• **EXERCISE DIRECTIONS**
Begin at the line below that holds "73784930 Alexisbad Harz" and end at the line that holds "- Lange halterstang: verchoomd", transcribing each line exactly and skipping any picture.

• **SOURCE RECORDS**
-------

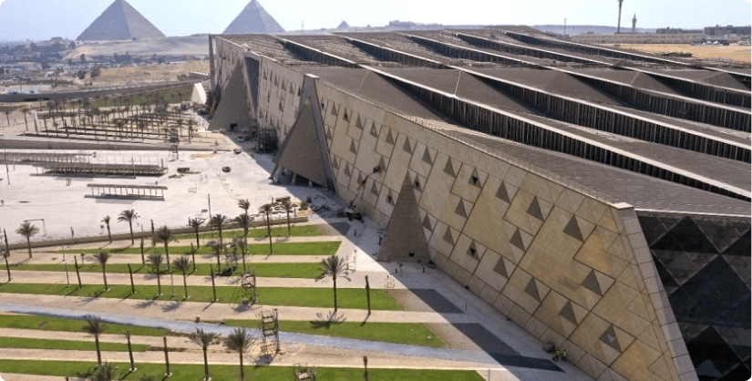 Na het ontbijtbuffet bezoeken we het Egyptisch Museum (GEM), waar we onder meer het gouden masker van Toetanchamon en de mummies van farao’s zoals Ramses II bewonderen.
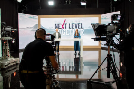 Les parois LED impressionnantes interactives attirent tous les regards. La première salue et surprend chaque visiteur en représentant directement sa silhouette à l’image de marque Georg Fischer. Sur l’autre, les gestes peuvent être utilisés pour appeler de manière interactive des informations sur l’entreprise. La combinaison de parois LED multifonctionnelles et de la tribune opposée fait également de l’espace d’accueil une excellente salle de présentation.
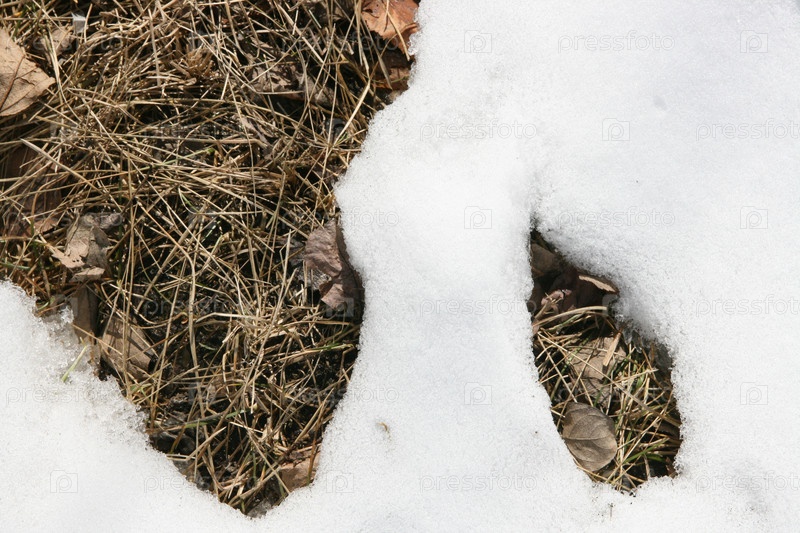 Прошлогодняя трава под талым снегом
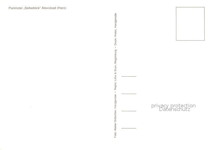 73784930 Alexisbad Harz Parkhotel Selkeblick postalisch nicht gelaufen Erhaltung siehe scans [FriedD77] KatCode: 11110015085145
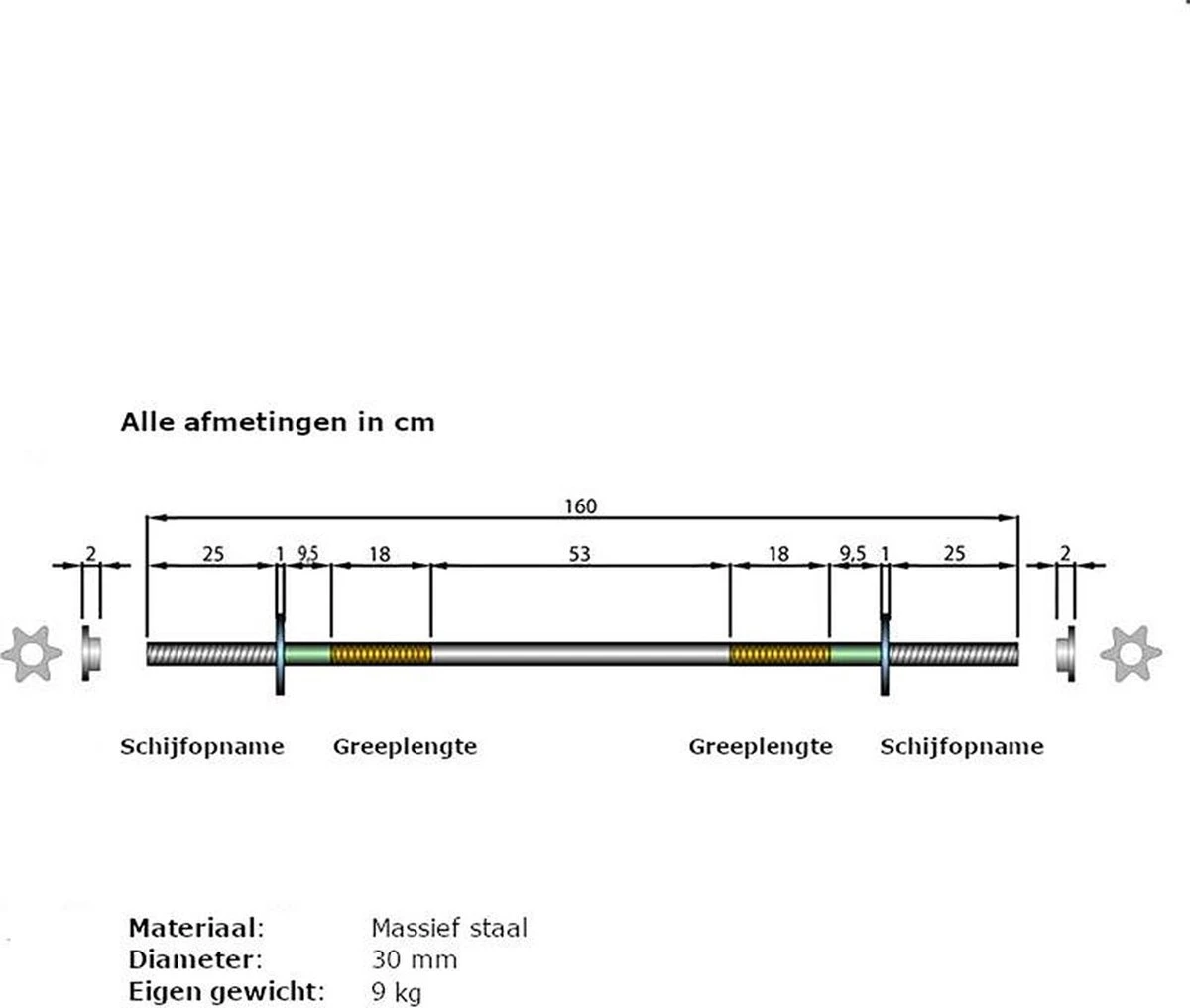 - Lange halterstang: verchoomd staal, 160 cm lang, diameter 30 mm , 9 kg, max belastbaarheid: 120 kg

-------

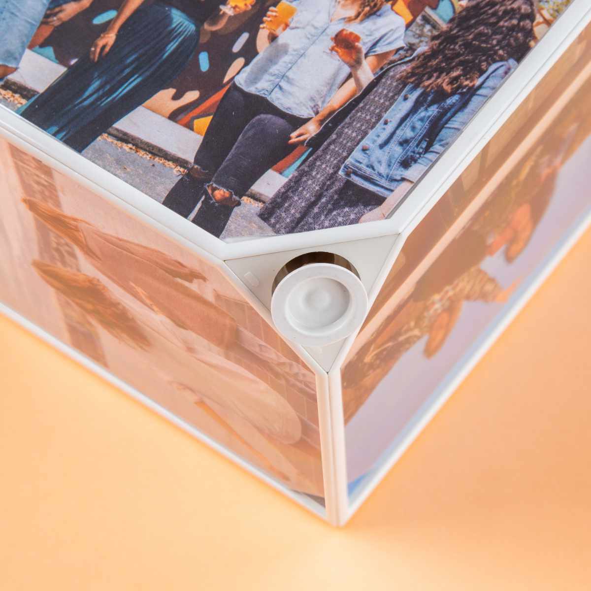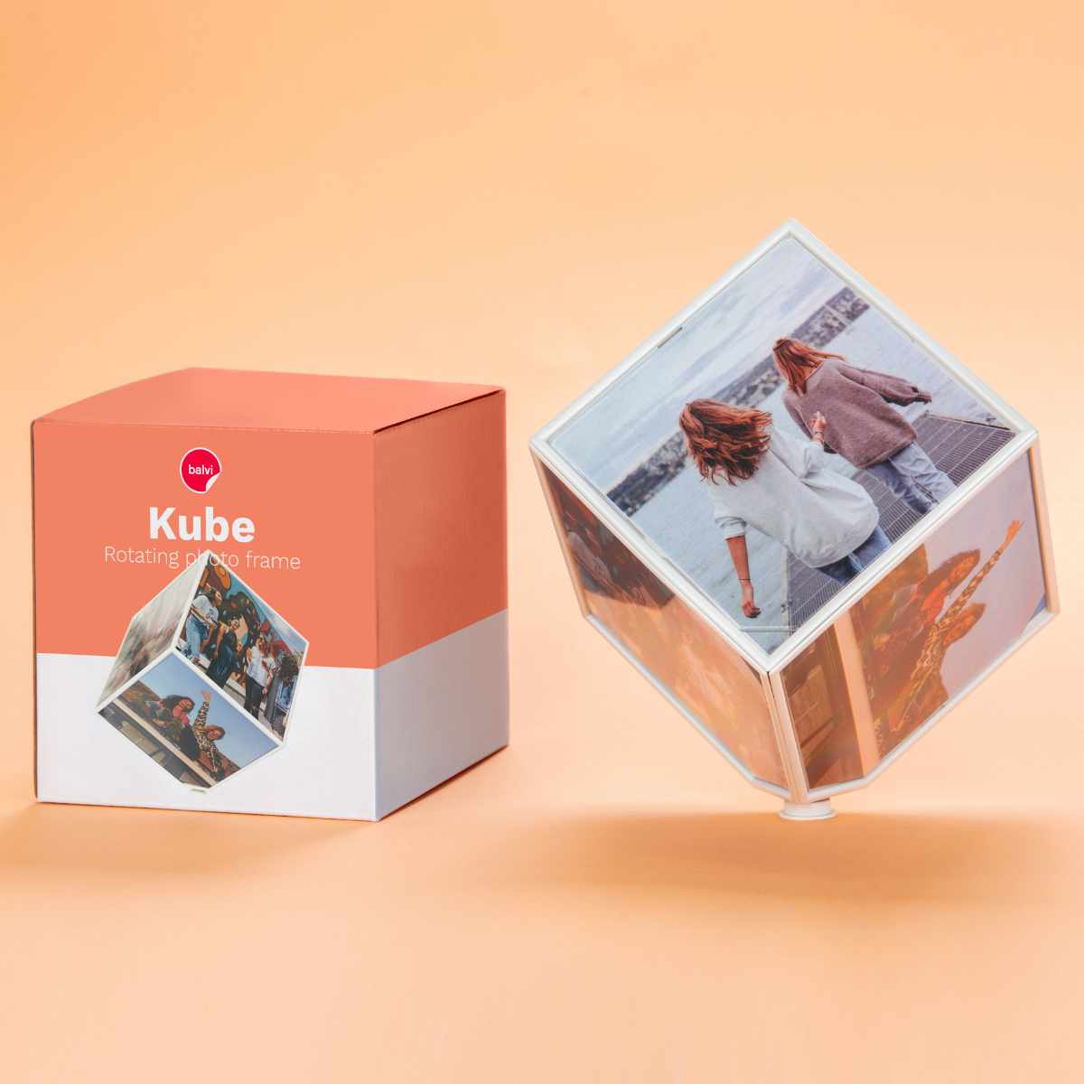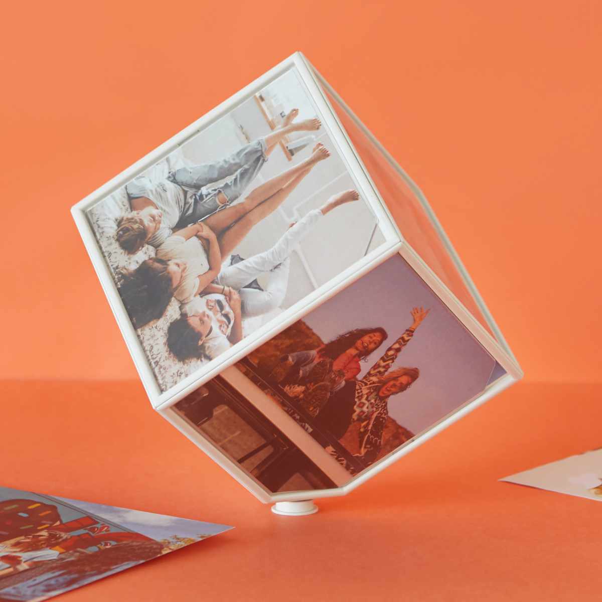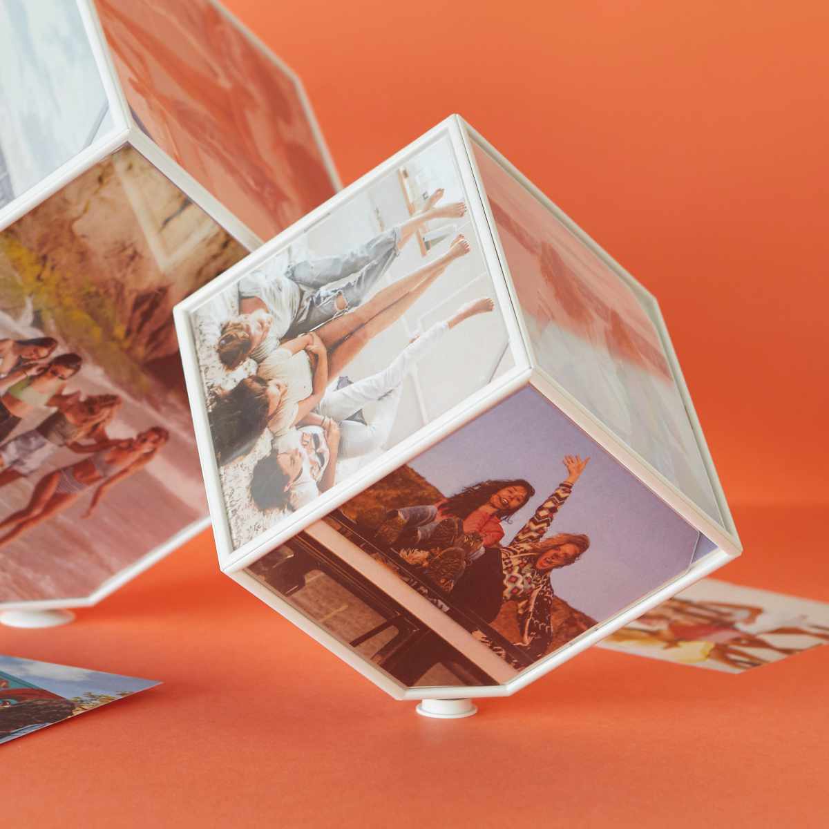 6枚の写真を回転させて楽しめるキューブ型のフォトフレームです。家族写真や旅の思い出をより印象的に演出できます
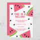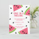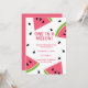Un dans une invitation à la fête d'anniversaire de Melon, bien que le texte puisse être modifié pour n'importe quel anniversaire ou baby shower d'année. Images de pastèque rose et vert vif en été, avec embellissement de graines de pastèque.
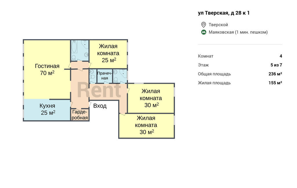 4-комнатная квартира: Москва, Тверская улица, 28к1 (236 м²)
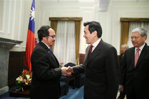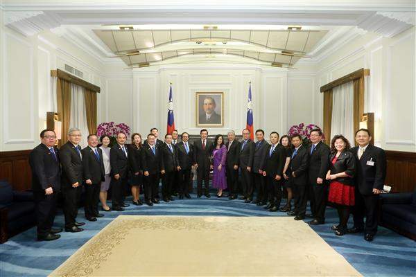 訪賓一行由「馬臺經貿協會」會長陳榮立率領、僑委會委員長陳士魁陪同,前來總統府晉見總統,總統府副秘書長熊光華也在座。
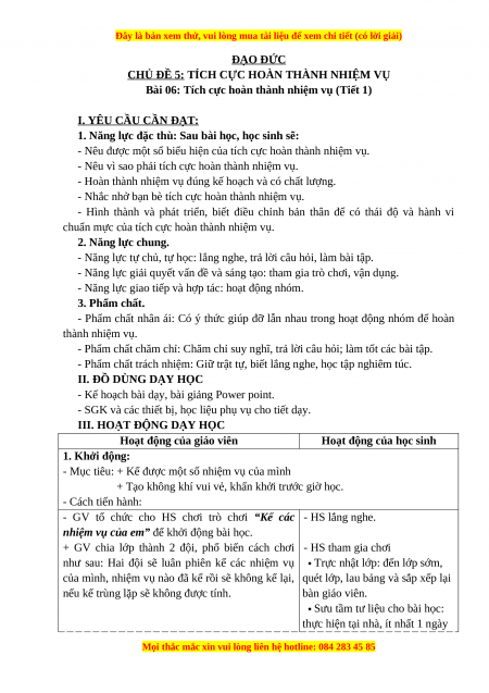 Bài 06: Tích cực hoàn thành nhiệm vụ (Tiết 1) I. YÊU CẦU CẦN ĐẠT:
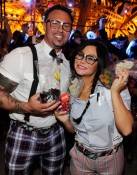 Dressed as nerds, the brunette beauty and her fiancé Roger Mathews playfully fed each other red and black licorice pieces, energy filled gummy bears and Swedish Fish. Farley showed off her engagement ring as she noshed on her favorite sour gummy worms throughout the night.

-------

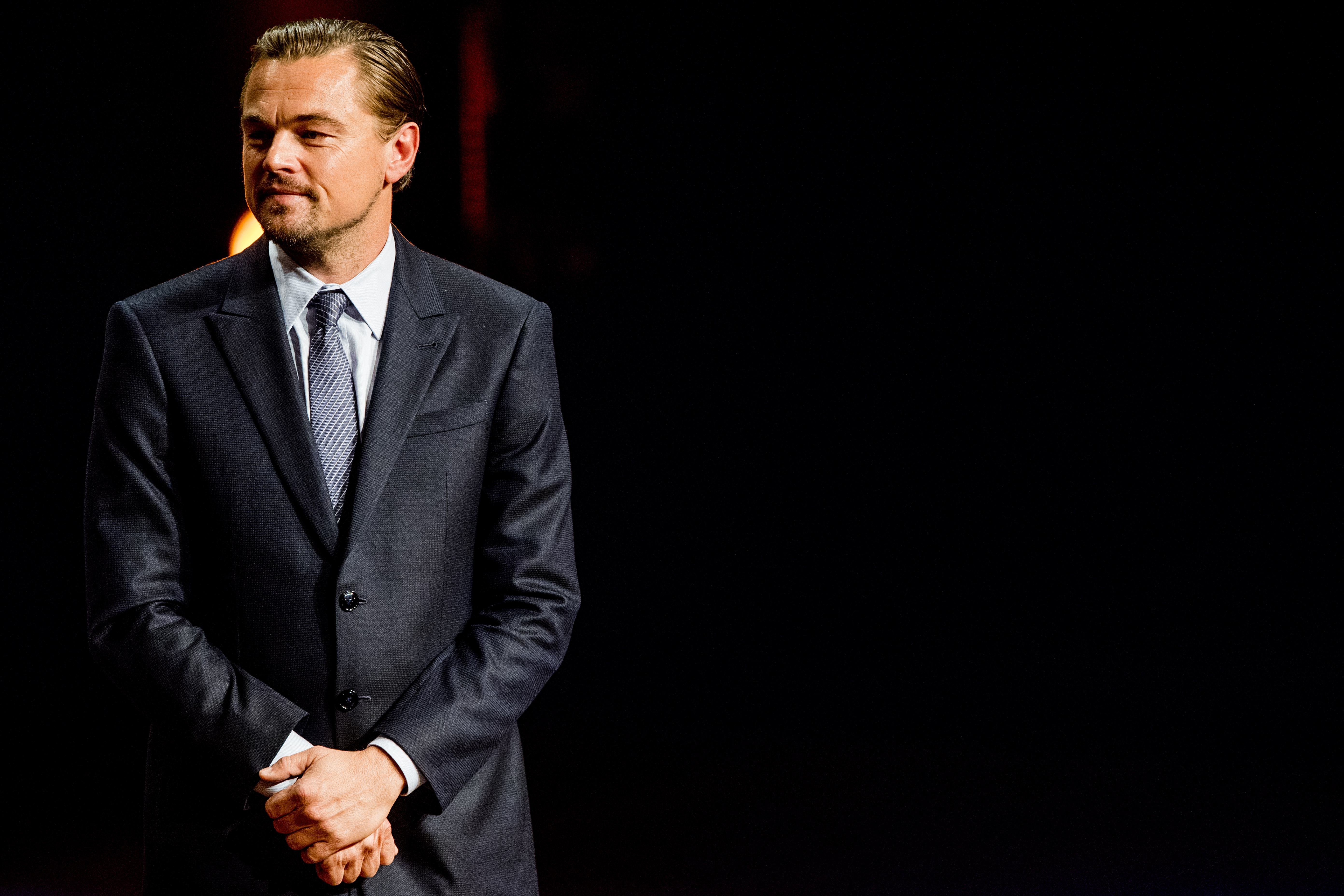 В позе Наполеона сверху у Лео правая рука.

-------

• **RESULT OF THE TASK**
 73784930 Alexisbad Harz Parkhotel Selkeblick postalisch nicht gelaufen Erhaltung siehe scans [FriedD77] KatCode: 11110015085145
 - Lange halterstang: verchoomd staal, 160 cm lang, diameter 30 mm , 9 kg, max belastbaarheid: 120 kg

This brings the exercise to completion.